In exams, $80\%$ of the students go prepared and $20\%$ go unprepared.
From the prepared ones, $90\%$ passes the exams.
From the unprepared one, only $10\%$ passes the exams.
First question: If a student passes the exams, what is the probability for him to be prepared?
Second question: From $4$ randomly chosen students, what's the probability that at least 3 passed the exams?
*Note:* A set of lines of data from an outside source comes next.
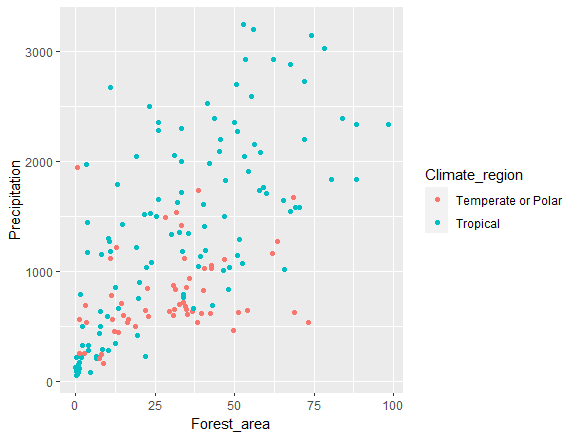 Por otro lado, aesthetics tiene varios atributos que pueden ser de gran utilidad, por ejemplo, el color, la forma y el tamaño. En el caso del ejemplo de la Figura 1 en el cual se graficaron los valores de las variables Forest_area y Precipitacion con puntos, se puede agregar color para cada punto según el clima de la región (ver Figura 3). Una instrucción que permite asignar el color a cada punto es la siguiente:
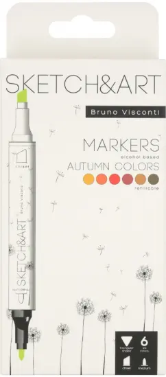 Великолепный набор скетч-маркеров Sketch&Art. Осенний пейзаж. В белой картонной коробке с покрытием SoftTouch подобраны 6 оттенков двусторонних маркеров для создания рисунков в теплых тонах осеннего пейзажа,
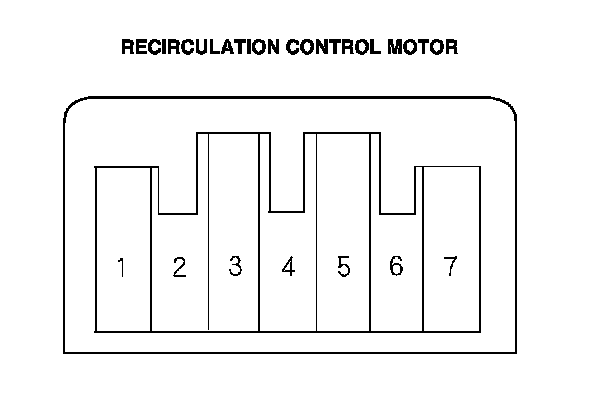 4. Measure the resistance between terminals No. 5 and No. 7 of the recirculation control motor. It should be between 4.2 and 7.8 kOhms.
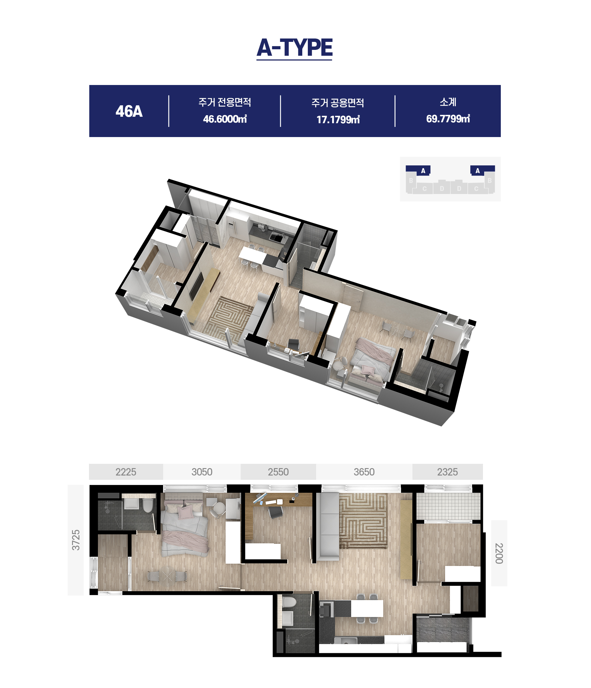 46㎡A(16세대) 3억 6800만 원 ~ 3억 7500만 원
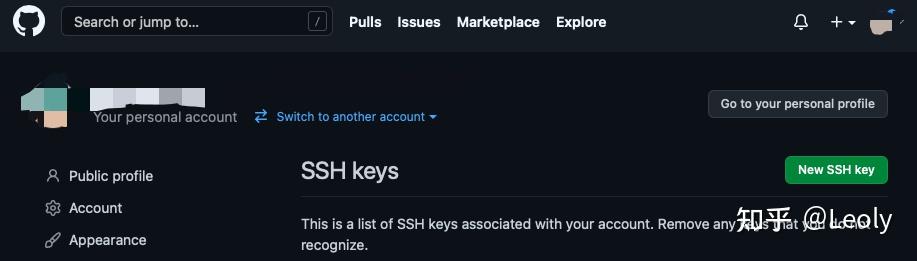 我们将 id_rsa.pub 中的 ssh code 复制到 GitHub -> 头像 -> setting -> SSH and PGP Keys 中。
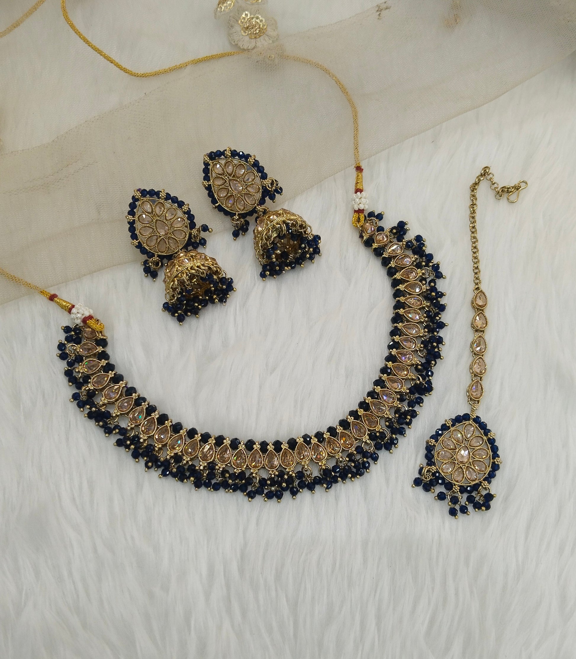 * Necklace set with earrings and tikka.
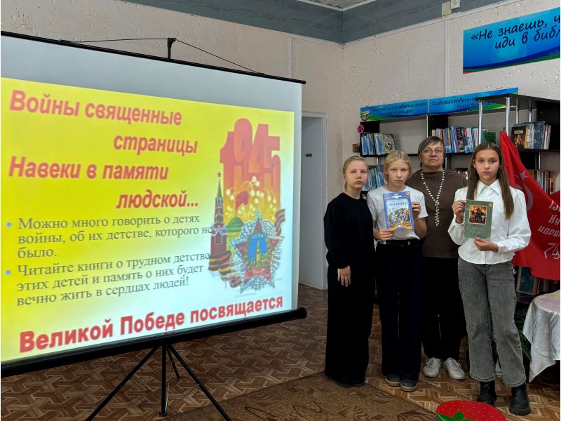 Сотрудница библиотеки Светлана Анатольевна Акимова напомнила гостям о праздновании 80 – летия Победы в Великой Отечественной войне, сколько испытаний выпало на долю советских людей. Известно, что война затронула каждого, не обошла стороной ни женщин, ни стариков, ни детей. Погибло в войну 13 миллионов детей, у кого-то отняла жизнь, у кого-то родителей, у многих детство. В ходе литературной гостиной «Война и дети», присутствующие гости познакомились с литературой военных и послевоенных лет, стихотворениями, написанными для детей и о детях, авторами которых являлись А. Т. Твардовский, К. М. Симонов, С. Я. Маршак, В. Катаев, А. Митяев и другие.
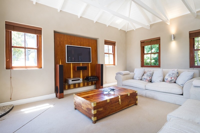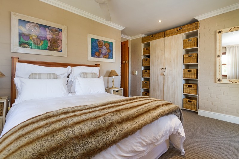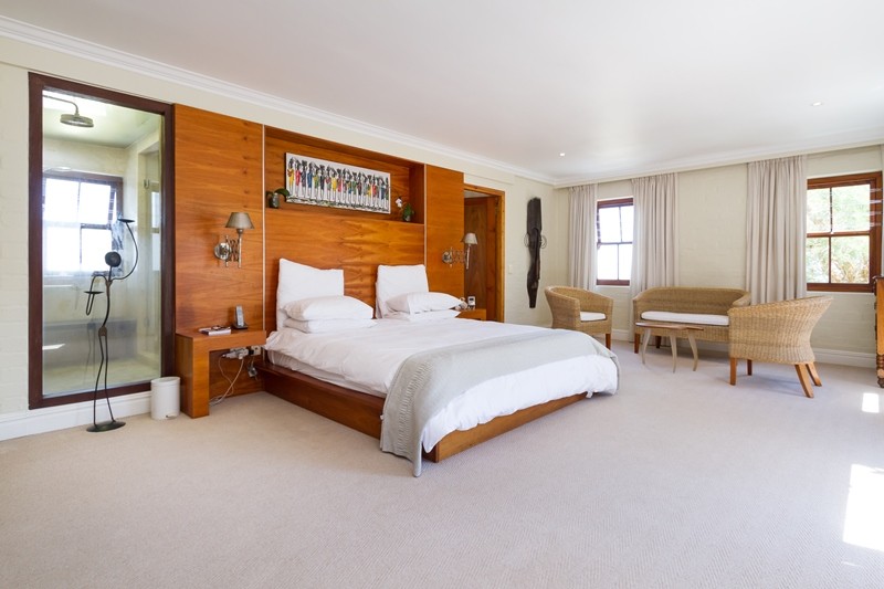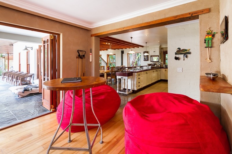 The entertainment room leads from the living area and includes a stunning Oregon bar and pub area with large flat-screen TV, including satellite, DVD and hi-fi system. The double doors open up onto the pool deck with outdoor table seating 8 for al fresco summer meals. This house is an outdoor entertainment delight for adults and children with Jacuzzi, all weather covered barbeque area, a pizza oven, trampoline, sun beds and a slide in the heated pool! The lawned garden has stunning views over Noordhoek to the beach and beautiful sunsets. The pool deck is sheltered from the South-Easter, Cape Town’s summer wind, so you can enjoy the views at any time. The spacious upstairs loft has a TV lounge equipped with flat screen TV with satellite channels, DVD, video and Hi-Fi system, a wood-burning fireplace and a library and reading area. The villa has ADSL for easy internet access.
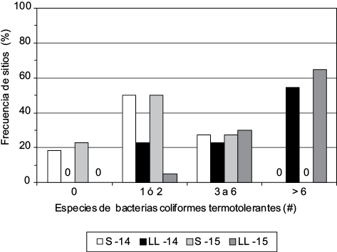 Las fuentes que abastecen de agua a las comunidades rurales del sistema hidrográfico Presa Infiernillo-Bajo Balsas tuvieron presencia de bacterias coliformes termoestables (CT) ampliamente distribuida en el tiempo y en el espacio. La severidad de dicha contaminación fue contrastante entre los periodos seco y lluvioso. El 100 % de los sitios muestreados (n = 22) tuvo presencia de CT a finales del periodo lluvioso en ambos años (2014 y 2015), mientras que la mejor condición se presentó a finales del periodo seco de 2014, con un 76 % de sitios afectados. Lo más frecuente fue la presencia de más de seis especies de CT por sitio analizado al final del periodo lluvioso, con más del 50 % de sitios en dicha condición (Fig. 2). La condición menos frecuente fue la ausencia de CT en alrededor del 20 % de los sitios muestreados al final del periodo seco.
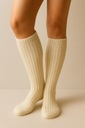 Delikatny ściągacz utrzymuje podkolanówki na miejscu, nie uciskając nogi, a elastyczny materiał gwarantuje idealne dopasowanie do kształtu łydki.

Let's write it in Terms: $$A:=\text{Student is prepared.}$$ $$B:=\text{Student passes the exam.}$$ We are given $$\begin{align*} P(A) & = 0.8 \\ P(\bar{A}) & = 0.2 \\ P(B|A) & = 0.9 \\ P(B|\bar{A}) & = 0.1 \end{align*}$$ The question asks for
1. $P(A|B)$ and
2. $P(B)$ combined to a Bernoulli experiment.
1. $P(A|B)%$
By Bayes' theorem we have $$P(A|B) = \frac{P(B|A) P(A)}{P(B)}$$ And by total probability we have $$P(B) = P(B|A) P(A) + P(B|\bar{A}) P(\bar{A}) = 0.9 \cdot 0.8 + 0.1 \cdot 0.2 = 0.74$$ So $$P(A|B) = \frac{0.9 \cdot 0.8}{0.74} \approx 0.97 $$
2. Bernoulli
The Question is for $$X := \sum_{i=1}^4 X_i$$ With $P(X_i = 1) = P(B), X_i \in \{0,1\}$ find $$P(X \geq 3) = P(X=3) + P(X=4)$$ For $P(X=4)$ we only have $(B,B,B,B)$, so $$P(X=4) = P(B)\cdot P(B) \cdot P(B) \cdot P(B) = P(B)^4 \approx 0.30$$ For $P(X=3)$ we have $(B,B,B,\bar{B}), (B,B,\bar{B},B), (B,\bar{B},B,B), (\bar{B},B,B,B)$, so $$P(X=3) = 4\cdot P(B)^3 \cdot P(\bar{B}) = 4\cdot 0.74^3 \cdot 0.26 \approx 0.42$$ And thus $$P(X\geq 3) \approx 0.72$$
In fact, the general formula given $P(X_i) = p$ is $$P(X=k) = \binom{n}{k} p^k (1-p)^{n-k}$$ Where $n$ is the sample size (here $n=4$).